Requirement
Return only the lines of the data below from the line with "Padrão bonito festivo" up to and including the line with "1.【Dubai7 Birthday Bonus】can", exactly as written, with the pictures omitted.

The data
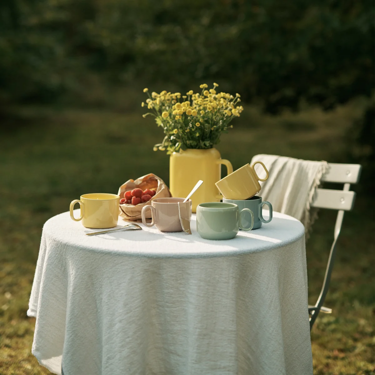 De mokken met handvat hebben een inhoud van 290 ml en zijn gemaakt van steengoed. De kopjes zijn van binnen en van buiten geglazuurd, gemakkelijk schoon te maken in de vaatwasser en ook geschikt voor de magnetron.
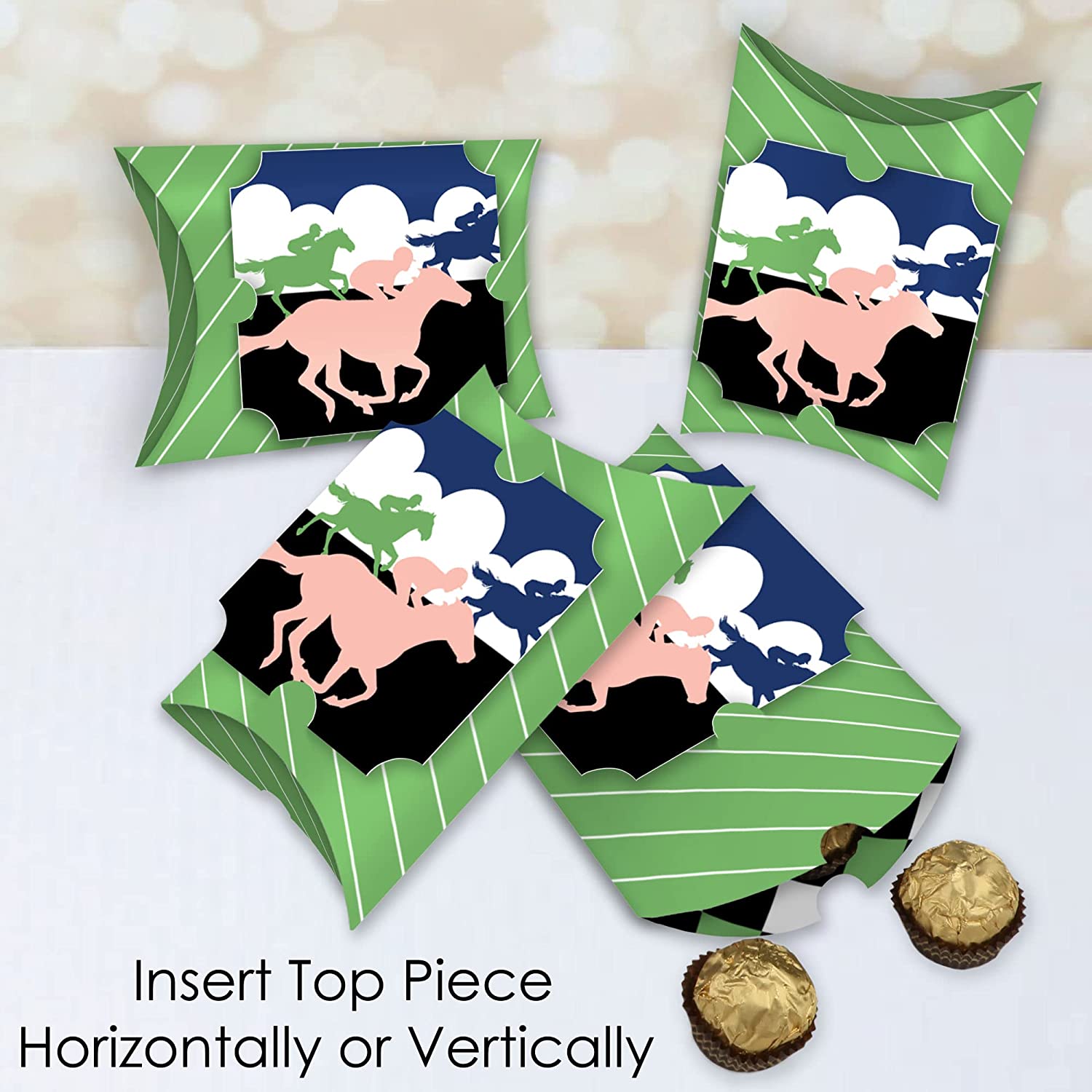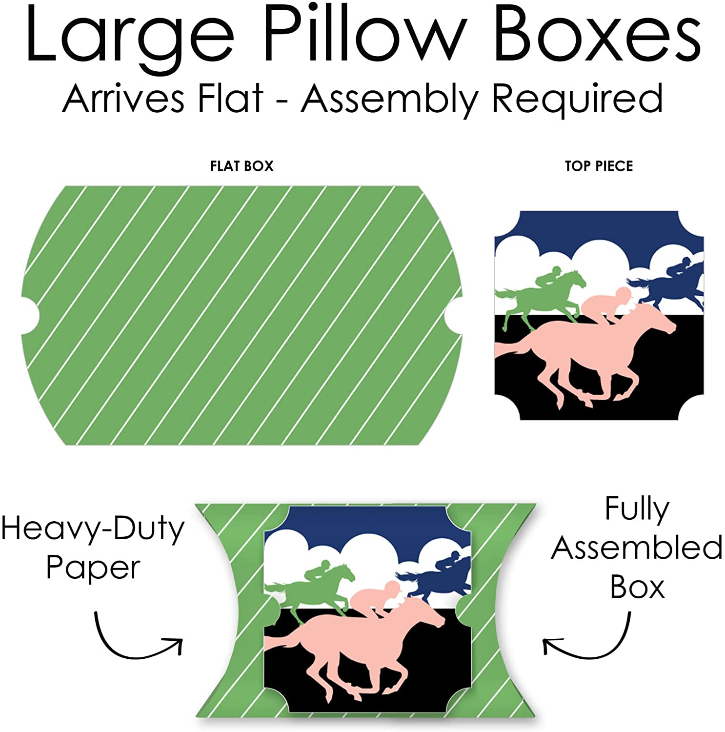 Kentucky Horse Derby - Favor Gift Boxes - Horse Race Party Large Pillow Boxes - Set of 12 is backordered and will ship as soon as it is back in stock.
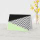 Padrão elegante, na moda e sofisticado de zigue-zague (chevron) em cinzas e cor branca com manchas de cor pretas e menta. Presente moderno e moderno, perfeito para o amante ziguezague na sua vida.
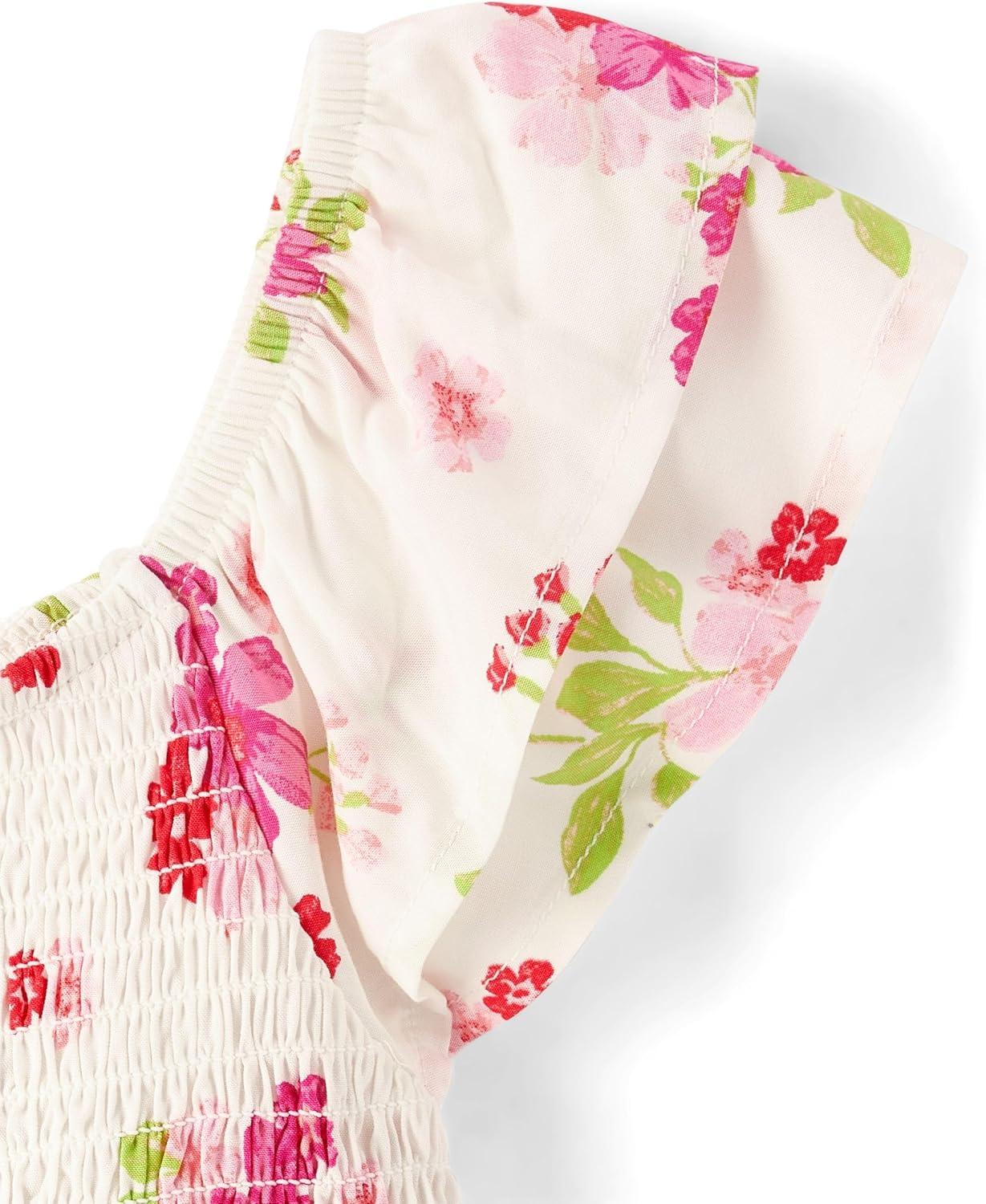 The Children’s Place girls Smocked Skirt With Shorts, Romper(Simply White Floral)
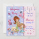 Padrão bonito festivo de corações em azul claro/lavanda. Há toques giros doces com arcos cor-de-rosa impressos e aparas de rendas. Três garotinhas são apresentadas vestindo pijama e prontas para festa. Personalize o texto na frente e atrás deste adorável convite de aniversário adorável. Nome, Aniversário e toda informação está pronta para ser mudada por você.
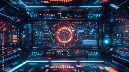 © NooPaew, Obraz premium Digital background with holographic interfaces and touchscreens
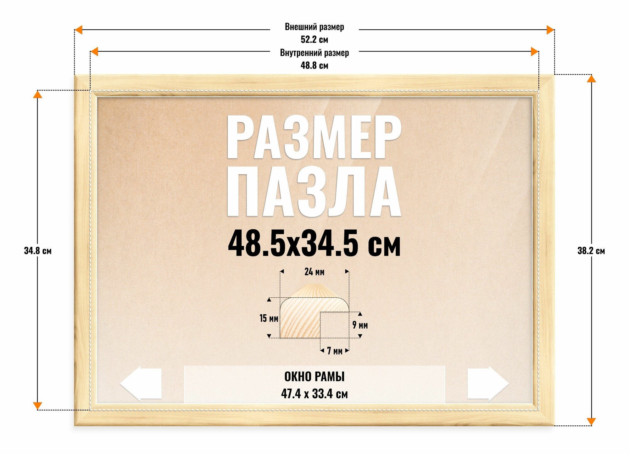 Рамка для пазла 48.5х34.5 см, фоторамка деревянная. Неокрашенная, cкругленный профиль 24х16 мм. Карельская сращенная сосна: сравнение цен, характеристики, фото, актуальное наличие и цены.
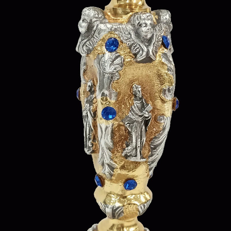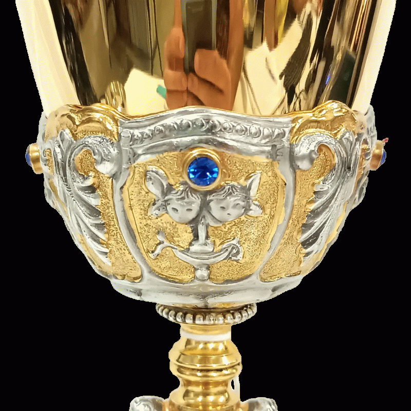 Cálice Basílica é um dos cálices mais imponentes existentes. Fundido em latão e cinzelado à mão (arte de entalhar o metal), chama atenção sua lindas pedrarias azuis
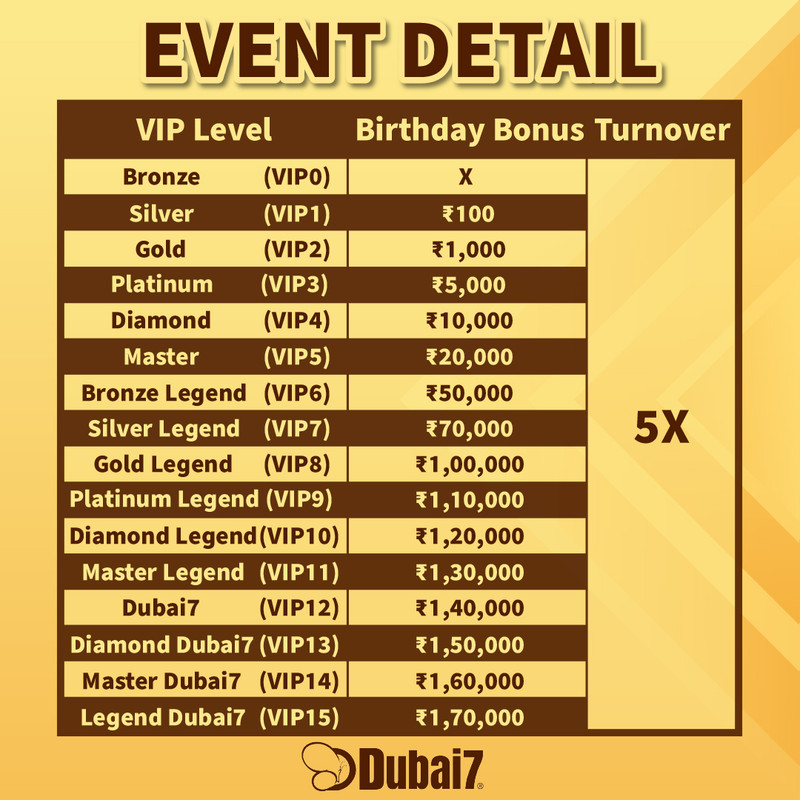 1.【Dubai7 Birthday Bonus】can only be claimed at VIP center once you’ve met the bonus requirement as above chart.
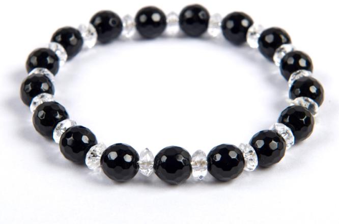A karkötő 8 mm-es fazettált ónix és 3x5 mm-es fazettált hegyikristály tárcsa felhasználásával készült, duplasoros gumira fűzve. A karkötő méretének meghatározása : a csuklód pontos méretéhez adj hozzá kb. 1,5 cm-t. KÉRLEK VÁLASSZ MÉRETET ! Az ásványok nem helyettesítik az orvosi diagnózist és kezelést. Az ónix hatása : az ónix magabiztosságot ad. Fokozza az él
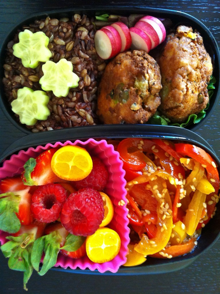 Fried tofu and edamame nuggets with baby lettuce, radishes, cucumbers and multigrain rice; bell pepper kinpira and a berry-citrus fruit salad for dessert.
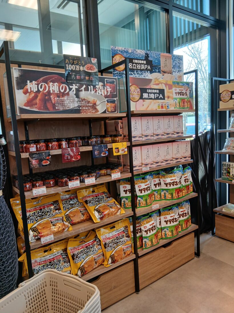 サラダホープと柿の種オイル付けやバスセンターのカレー風味せんべいなど売られていました。
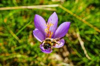 Een bij op een paarse krokusbloem in de bergen in Zwitserland.

Written solution
 Padrão bonito festivo de corações em azul claro/lavanda. Há toques giros doces com arcos cor-de-rosa impressos e aparas de rendas. Três garotinhas são apresentadas vestindo pijama e prontas para festa. Personalize o texto na frente e atrás deste adorável convite de aniversário adorável. Nome, Aniversário e toda informação está pronta para ser mudada por você.
 © NooPaew, Obraz premium Digital background with holographic interfaces and touchscreens
 Рамка для пазла 48.5х34.5 см, фоторамка деревянная. Неокрашенная, cкругленный профиль 24х16 мм. Карельская сращенная сосна: сравнение цен, характеристики, фото, актуальное наличие и цены.
 Cálice Basílica é um dos cálices mais imponentes existentes. Fundido em latão e cinzelado à mão (arte de entalhar o metal), chama atenção sua lindas pedrarias azuis
 1.【Dubai7 Birthday Bonus】can only be claimed at VIP center once you’ve met the bonus requirement as above chart.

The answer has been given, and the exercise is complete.